Guides 11792 Published by

This quick guide walks you through installing Apache Airflow on a fresh Ubuntu 20.04 machine by first creating an isolated Python virtual environment to avoid clashes with system packages. After adding the necessary C libraries and utilities via apt, it uses pip with a constraint file to pin compatible dependency versions before configuring Airflow’s home directory for proper permissions. Once you initialize the database and set up the scheduler and web server—either in separate terminals or via systemd—you’ll have a running orchestrator that can be monitored through its web UI on port 8080. The author also warns about common pitfalls such as Python version mismatches, OpenSSL updates breaking cryptography wheels, and log‑directory permissions, so you can avoid the typical headaches that plague new installations.



Install Apache Airflow on Ubuntu 20.04: Quick & Clean Guide

If you’re trying to get a data pipeline running on a fresh Ubuntu 20.04 box, this quick walkthrough will show how to install and bootstrap Apache Airflow without the usual headaches.
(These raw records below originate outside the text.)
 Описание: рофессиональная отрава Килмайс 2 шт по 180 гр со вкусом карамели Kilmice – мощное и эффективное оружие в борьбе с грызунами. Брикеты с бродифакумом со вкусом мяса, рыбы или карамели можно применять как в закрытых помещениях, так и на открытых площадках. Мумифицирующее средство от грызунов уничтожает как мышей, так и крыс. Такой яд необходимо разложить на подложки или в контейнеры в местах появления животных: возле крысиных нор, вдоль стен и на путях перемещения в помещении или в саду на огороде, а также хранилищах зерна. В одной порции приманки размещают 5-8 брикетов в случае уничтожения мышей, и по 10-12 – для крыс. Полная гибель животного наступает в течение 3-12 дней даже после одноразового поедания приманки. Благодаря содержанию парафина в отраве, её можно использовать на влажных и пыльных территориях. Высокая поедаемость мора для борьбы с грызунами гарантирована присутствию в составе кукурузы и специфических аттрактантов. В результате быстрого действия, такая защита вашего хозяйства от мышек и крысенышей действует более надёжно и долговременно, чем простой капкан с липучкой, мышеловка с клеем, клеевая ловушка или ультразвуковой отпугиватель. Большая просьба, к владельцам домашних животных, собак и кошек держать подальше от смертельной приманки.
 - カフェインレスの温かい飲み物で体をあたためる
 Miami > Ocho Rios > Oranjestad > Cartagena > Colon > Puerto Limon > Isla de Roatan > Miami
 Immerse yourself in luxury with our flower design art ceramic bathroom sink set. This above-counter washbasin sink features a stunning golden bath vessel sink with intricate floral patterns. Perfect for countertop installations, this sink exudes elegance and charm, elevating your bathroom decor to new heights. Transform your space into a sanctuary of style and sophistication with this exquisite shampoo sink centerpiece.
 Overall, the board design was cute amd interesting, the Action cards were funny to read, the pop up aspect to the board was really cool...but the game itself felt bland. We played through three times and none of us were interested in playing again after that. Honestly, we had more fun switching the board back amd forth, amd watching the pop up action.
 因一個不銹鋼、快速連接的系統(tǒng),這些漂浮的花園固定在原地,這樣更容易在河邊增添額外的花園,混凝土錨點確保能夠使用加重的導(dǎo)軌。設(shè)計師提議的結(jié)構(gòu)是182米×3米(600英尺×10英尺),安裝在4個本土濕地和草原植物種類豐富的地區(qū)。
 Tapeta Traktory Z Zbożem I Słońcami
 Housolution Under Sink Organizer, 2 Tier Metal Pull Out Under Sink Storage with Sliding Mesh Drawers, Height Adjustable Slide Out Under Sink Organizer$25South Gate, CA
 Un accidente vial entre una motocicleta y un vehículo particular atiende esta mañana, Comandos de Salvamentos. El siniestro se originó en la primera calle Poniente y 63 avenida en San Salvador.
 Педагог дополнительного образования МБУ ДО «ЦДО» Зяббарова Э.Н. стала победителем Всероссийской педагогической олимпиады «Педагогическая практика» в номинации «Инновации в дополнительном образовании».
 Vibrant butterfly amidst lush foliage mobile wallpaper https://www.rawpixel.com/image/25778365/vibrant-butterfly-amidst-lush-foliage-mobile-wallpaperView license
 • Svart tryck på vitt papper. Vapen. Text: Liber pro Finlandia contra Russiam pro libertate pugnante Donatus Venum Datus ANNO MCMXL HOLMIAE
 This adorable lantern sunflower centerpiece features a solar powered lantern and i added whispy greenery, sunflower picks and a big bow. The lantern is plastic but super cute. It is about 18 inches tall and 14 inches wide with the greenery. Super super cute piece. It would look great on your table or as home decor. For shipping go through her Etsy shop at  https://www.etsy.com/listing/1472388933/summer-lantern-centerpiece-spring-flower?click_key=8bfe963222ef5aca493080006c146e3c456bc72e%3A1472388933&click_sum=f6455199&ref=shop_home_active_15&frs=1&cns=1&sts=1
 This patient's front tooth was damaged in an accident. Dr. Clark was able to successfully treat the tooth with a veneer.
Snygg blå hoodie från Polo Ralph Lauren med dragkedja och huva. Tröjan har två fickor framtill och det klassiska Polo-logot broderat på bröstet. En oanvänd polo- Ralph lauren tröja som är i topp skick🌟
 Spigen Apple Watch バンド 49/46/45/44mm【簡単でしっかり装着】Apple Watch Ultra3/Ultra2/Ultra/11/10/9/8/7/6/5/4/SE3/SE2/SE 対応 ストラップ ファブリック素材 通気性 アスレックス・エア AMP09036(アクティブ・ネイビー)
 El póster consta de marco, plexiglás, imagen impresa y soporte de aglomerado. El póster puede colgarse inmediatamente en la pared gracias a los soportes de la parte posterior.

I’ve seen people hit version conflicts after a routine apt‑upgrade, so stick with these steps and stay away from the most common pitfalls.

Set Up A Virtual Environment

Create an isolated Python world for Airflow so you don’t clash with system packages or other projects.

python3 -m venv ~/airflow-venv
source ~/airflow-venv/bin/activate

Without a virtual environment, a global pip install can overwrite critical libraries that other Python tools depend on.

Install Dependencies

Airflow needs some C libraries and system utilities.

sudo apt-get update
sudo apt-get install -y libssl-dev libffi-dev build-essential python3-dev \
  default-libmysqlclient-dev unixodbc-dev libpq-dev gcc g++ git

If you skip any of these, the subsequent pip install apache‑airflow will choke with cryptic errors. I’ve seen folks run into “cannot find a working version of libssl” after an upgrade that removed libssl-dev.

Install Apache Airflow via pip

Choose the extras you actually need—postgres, mysql, or just sqlite.

pip install apache-airflow[postgres] --constraint "https://raw.githubusercontent.com/apache/airflow/constraints-2.7.0/constraints-3.8.txt"

Why the constraint file? Airflow is picky about which versions of its dependencies play nice together. The constraints file pins them to a known good combination.

Add an Airflow User and Home Directory

Airflow’s default home directory ($AIRFLOW_HOME) should be owned by a dedicated user to avoid permission headaches later.

sudo adduser --disabled-login airflow
sudo mkdir /home/airflow/airflow
sudo chown airflow:airflow /home/airflow/airflow

Without this, you’ll run into “Permission denied” errors when the scheduler tries to write logs.

Configure Airflow Settings

Drop a minimal airflow.cfg into your home.

cp ~/airflow-venv/lib/python3.8/site-packages/airflow/config_templates/airflow.cfg \
   /home/airflow/airflow/airflow.cfg
sed -i 's|#sql_alchemy_conn = sqlite:///'$AIRFLOW_HOME'/airflow.db|sql_alchemy_conn = postgresql+psycopg2://user:pass@localhost/airflow|' /home/airflow/airflow/airflow.cfg

Why edit airflow.cfg? The default uses SQLite, which is fine for experimentation but not production. Pointing it at PostgreSQL (or MySQL) gives you durability and better concurrency.

Initialize The Database

Run the DB migration scripts so Airflow knows how to store its metadata.

sudo -u airflow ~/airflow-venv/bin/airflow db init

If you skip this, the web server will barf about “no such table” on first load.

Start The Scheduler & Web Server

You can run them in separate terminals or use systemd for persistence.

sudo -u airflow ~/airflow-venv/bin/airflow scheduler &
sudo -u airflow ~/airflow-venv/bin/airflow webserver --port 8080

The scheduler is the heartbeat; without it, DAGs never run. The web server lets you see that heartbeat in a browser.

Common Pitfalls
  • Python version mismatch – Airflow 2.x requires Python 3.8+. If you’re on 3.9 or newer, install a virtual environment with the right interpreter.
  • Library conflicts – A recent apt upgrade can pull in a new OpenSSL that breaks the compiled cryptography wheel. Re‑install Airflow after the upgrade to fix it.
  • Permissions on log directories – The scheduler writes logs under $AIRFLOW_HOME/logs. Make sure the airflow user owns this folder.

That’s all the hard work. From here, you can drop your DAG files into /home/airflow/airflow/dags and watch them run.